AIM OF THE EXERCISE >> Omit any picture, and return the remaining data exactly as written.

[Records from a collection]
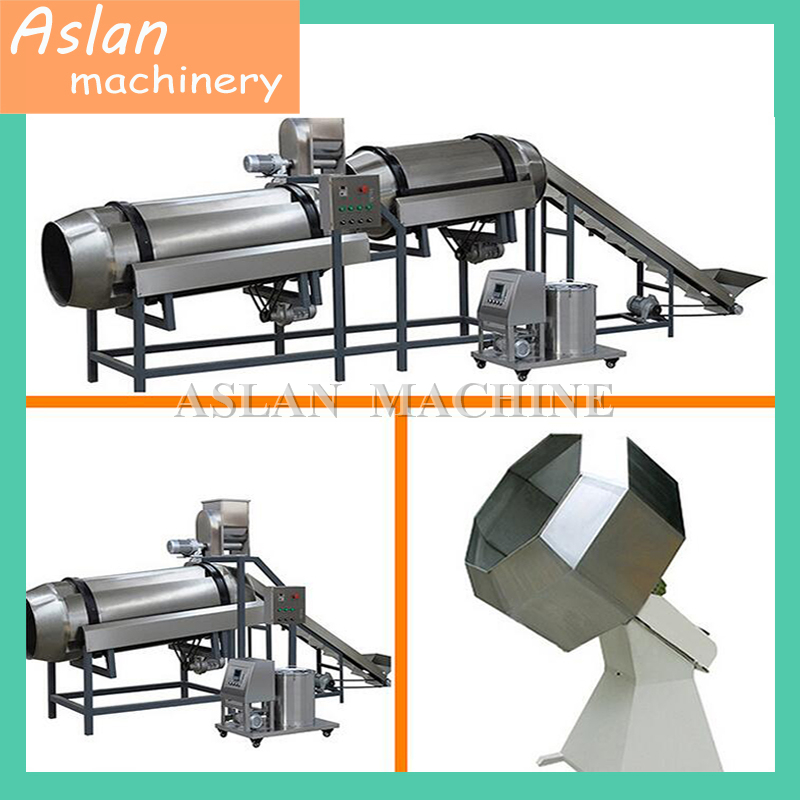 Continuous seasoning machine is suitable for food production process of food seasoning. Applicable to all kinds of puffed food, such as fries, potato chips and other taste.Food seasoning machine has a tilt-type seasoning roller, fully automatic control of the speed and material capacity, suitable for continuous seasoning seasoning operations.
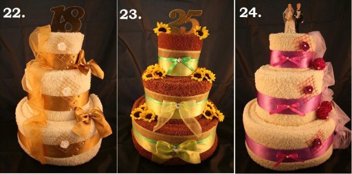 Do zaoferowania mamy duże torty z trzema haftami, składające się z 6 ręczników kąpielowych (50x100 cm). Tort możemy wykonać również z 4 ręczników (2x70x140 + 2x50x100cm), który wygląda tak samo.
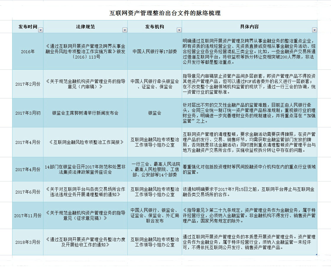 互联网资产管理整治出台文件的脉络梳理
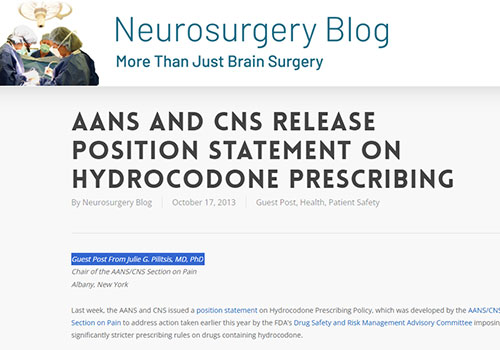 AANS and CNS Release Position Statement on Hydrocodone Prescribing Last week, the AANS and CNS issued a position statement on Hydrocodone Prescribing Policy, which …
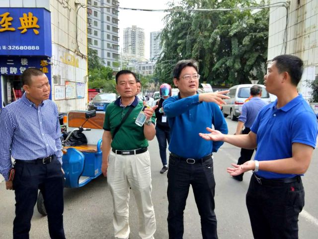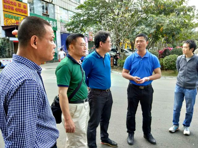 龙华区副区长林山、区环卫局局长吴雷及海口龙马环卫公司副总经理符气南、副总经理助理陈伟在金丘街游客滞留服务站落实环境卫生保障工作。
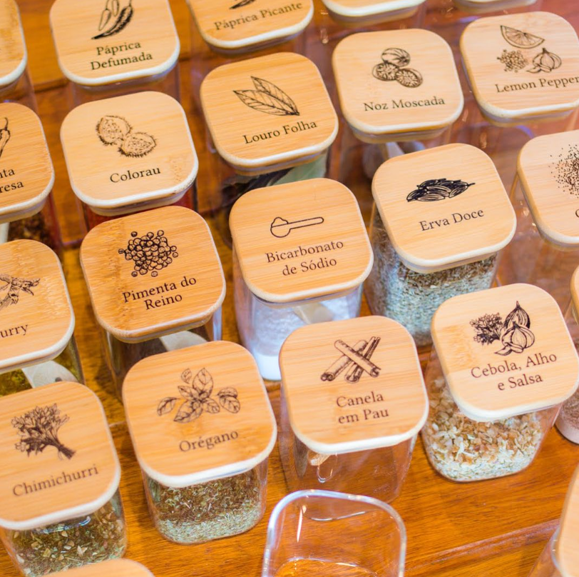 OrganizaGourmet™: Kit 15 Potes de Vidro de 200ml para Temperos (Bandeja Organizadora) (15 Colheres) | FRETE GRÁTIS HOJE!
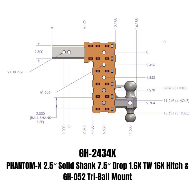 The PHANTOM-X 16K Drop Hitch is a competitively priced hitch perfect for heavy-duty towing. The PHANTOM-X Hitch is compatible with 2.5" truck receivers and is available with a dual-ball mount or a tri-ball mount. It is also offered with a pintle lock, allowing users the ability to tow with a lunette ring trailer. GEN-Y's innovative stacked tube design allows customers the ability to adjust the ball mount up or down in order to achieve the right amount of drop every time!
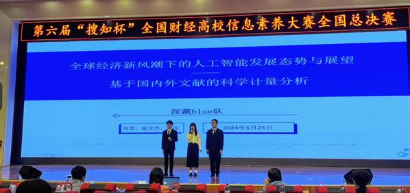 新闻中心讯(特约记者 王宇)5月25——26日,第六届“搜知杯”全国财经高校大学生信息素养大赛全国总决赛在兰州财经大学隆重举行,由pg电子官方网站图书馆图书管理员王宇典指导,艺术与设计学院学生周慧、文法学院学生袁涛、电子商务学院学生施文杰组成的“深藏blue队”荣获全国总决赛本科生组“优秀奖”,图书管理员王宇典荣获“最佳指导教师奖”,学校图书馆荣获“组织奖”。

RESULT >>
 Continuous seasoning machine is suitable for food production process of food seasoning. Applicable to all kinds of puffed food, such as fries, potato chips and other taste.Food seasoning machine has a tilt-type seasoning roller, fully automatic control of the speed and material capacity, suitable for continuous seasoning seasoning operations.
 Do zaoferowania mamy duże torty z trzema haftami, składające się z 6 ręczników kąpielowych (50x100 cm). Tort możemy wykonać również z 4 ręczników (2x70x140 + 2x50x100cm), który wygląda tak samo.
 互联网资产管理整治出台文件的脉络梳理
 AANS and CNS Release Position Statement on Hydrocodone Prescribing Last week, the AANS and CNS issued a position statement on Hydrocodone Prescribing Policy, which …
 龙华区副区长林山、区环卫局局长吴雷及海口龙马环卫公司副总经理符气南、副总经理助理陈伟在金丘街游客滞留服务站落实环境卫生保障工作。
 OrganizaGourmet™: Kit 15 Potes de Vidro de 200ml para Temperos (Bandeja Organizadora) (15 Colheres) | FRETE GRÁTIS HOJE!
 The PHANTOM-X 16K Drop Hitch is a competitively priced hitch perfect for heavy-duty towing. The PHANTOM-X Hitch is compatible with 2.5" truck receivers and is available with a dual-ball mount or a tri-ball mount. It is also offered with a pintle lock, allowing users the ability to tow with a lunette ring trailer. GEN-Y's innovative stacked tube design allows customers the ability to adjust the ball mount up or down in order to achieve the right amount of drop every time!
 新闻中心讯(特约记者 王宇)5月25——26日,第六届“搜知杯”全国财经高校大学生信息素养大赛全国总决赛在兰州财经大学隆重举行,由pg电子官方网站图书馆图书管理员王宇典指导,艺术与设计学院学生周慧、文法学院学生袁涛、电子商务学院学生施文杰组成的“深藏blue队”荣获全国总决赛本科生组“优秀奖”,图书管理员王宇典荣获“最佳指导教师奖”,学校图书馆荣获“组织奖”。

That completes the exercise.